1. Field of Invention
This invention relates to flight controls for helicopters and more particularly to such controls for helicopters which have dual, counterrotating, coaxial rotors so as to provide optimum performance and controllability.
2. Description of the Prior Art
While it has been known for some time that there is advantage to be gained by using dual, counterrotating, coaxial, rigid rotors as the lift generating mechanism in a helicopter, certain problems including control problems are involved such that the development of a practical helicopter utilizing such a rotor system is a recent development.
It is interesting to note that when the famed aviation pioneer, Igor I. Sikorsky, built his first helicopter early in the twentieth century, it included a dual, coaxial, counterrotating, rigid motor. Glauert suggested in his book "Aerodynamic Theory" that rotor roll moment might be overcome by using two, counterrotating, rigid rotors. Bergquist, Michel and Fradenburg advanced the art in their U.S. Pat. No. 3,409,248 when they suggested that differential lateral cyclic pitch be varied selectively as a function of aircraft forward speed to both cancel or reduce the roll moments and to optimally position the lift vector of each rotor so as to produce optimum lift-to-drag ratio performance. The mechanism taught in the Bergquist et al patent to accomplish this function was a simple linkage to provide an input directly to the control rods of each rotor either manually or through an air speed sensor which used a computer to derive correct gains. Lewis, in his U.S. Pat. No. 3,570,786, suggested the coupling of collective stick to the differential lateral cyclic inputs of the control system so as to produce differential lateral cyclic pitch as a function of collective stick input. Lewis felt that at high speed flight where the collective stick position is constant, that a constant differential lateral cyclic input would provide adequate efficiency.
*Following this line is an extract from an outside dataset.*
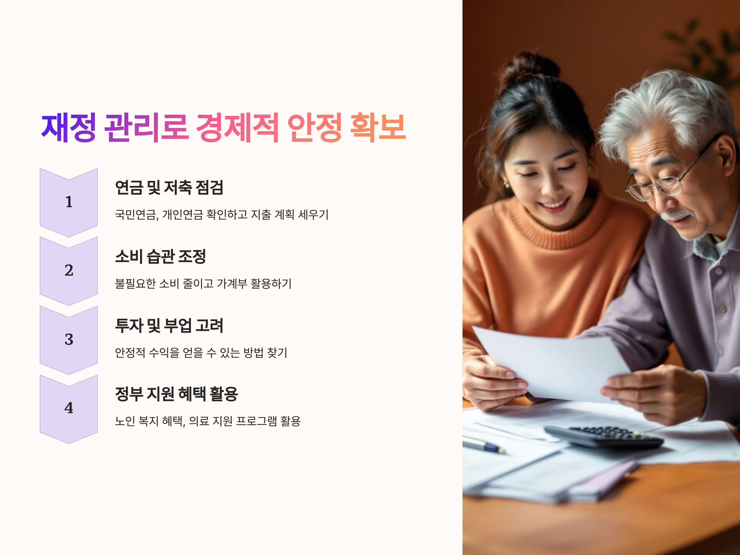 - 정부 지원 혜택 활용: 노인 복지 혜택이나 의료 지원 프로그램을 적극 활용하세요.

Cheney recognized that the gyroscopic moments imposed upon rigid, counterrotating, coaxial rotors during maneuvers would produce blade stress and deflection in opposite directions, and taught in his U.S. Pat. No. 3,521,971 that a large fixed phase angle be used with each rotor. to introduce differential cyclic pitch to produce an aerodynamic moment to cancel the gyroscopic precession moments during these flight maneuvers.
It will therefore be seen that Bergquist, Michel and Fradenburg taught that differential lateral cyclic pitch in rigid, coaxial, counterrotating rotors should be introduced as a function of aircraft forward speed to produce optimum lift-to-drag ratio performance of the rotor in a steady state by selectively positioning the rotor lift vectors. Bergquist, Michel and Fradenburg did not address themselves to the cancellation of gyroscopic precession moments. Cheney taught the use of a large fixed phase angle in dual, counterrotating, coaxial, rigid rotors to cancel the gyroscopic precession moments created during maneuvers. We have come to the realization that Cheney's large fixed phase angle with cancel precession moments at one flight speed only and we now teach a control herein for a dual, counterrotating, coaxial, rigid rotor which will automatically optimally position the lift vectors on the rotors so as to produce optimum lift-to-drag ratio including cancellation of roll moments by these opposing lift vectors, and automatically cancel or minimize the gyroscopic precession moments at all flight speeds to thereby provide optimum helicopter performance and controllability in both steady state and maneuver mode of operation.